▶ **Supplied records**
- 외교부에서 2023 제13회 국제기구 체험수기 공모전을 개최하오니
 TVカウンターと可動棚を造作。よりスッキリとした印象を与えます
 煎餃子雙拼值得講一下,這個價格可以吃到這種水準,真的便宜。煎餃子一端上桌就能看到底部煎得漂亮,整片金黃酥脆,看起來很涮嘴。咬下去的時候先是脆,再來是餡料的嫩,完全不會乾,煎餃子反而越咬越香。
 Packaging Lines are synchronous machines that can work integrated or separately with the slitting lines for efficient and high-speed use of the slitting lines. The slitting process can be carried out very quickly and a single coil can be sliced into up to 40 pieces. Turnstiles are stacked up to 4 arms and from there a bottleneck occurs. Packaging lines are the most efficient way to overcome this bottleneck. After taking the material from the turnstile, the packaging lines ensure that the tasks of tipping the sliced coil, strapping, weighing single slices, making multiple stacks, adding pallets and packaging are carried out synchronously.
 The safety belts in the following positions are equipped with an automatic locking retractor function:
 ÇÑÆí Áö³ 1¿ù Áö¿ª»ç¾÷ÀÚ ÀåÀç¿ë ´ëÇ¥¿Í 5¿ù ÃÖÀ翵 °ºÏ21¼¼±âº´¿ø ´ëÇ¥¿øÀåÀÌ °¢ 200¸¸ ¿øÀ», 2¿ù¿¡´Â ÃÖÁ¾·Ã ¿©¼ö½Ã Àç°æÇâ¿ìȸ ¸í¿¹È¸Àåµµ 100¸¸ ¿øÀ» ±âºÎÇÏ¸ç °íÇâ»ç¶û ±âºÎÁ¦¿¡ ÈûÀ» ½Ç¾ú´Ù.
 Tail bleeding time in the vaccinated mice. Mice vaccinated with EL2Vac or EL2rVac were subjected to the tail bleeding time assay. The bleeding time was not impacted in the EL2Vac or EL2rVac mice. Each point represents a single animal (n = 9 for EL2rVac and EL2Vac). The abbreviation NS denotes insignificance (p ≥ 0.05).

▶ **Required action**
The first line of the entries, the line with "煎餃子雙拼值得講一下,這個價", and every line between them should be retyped exactly, and nothing else.

▶ **Task output**
- 외교부에서 2023 제13회 국제기구 체험수기 공모전을 개최하오니
 TVカウンターと可動棚を造作。よりスッキリとした印象を与えます
 煎餃子雙拼值得講一下,這個價格可以吃到這種水準,真的便宜。煎餃子一端上桌就能看到底部煎得漂亮,整片金黃酥脆,看起來很涮嘴。咬下去的時候先是脆,再來是餡料的嫩,完全不會乾,煎餃子反而越咬越香。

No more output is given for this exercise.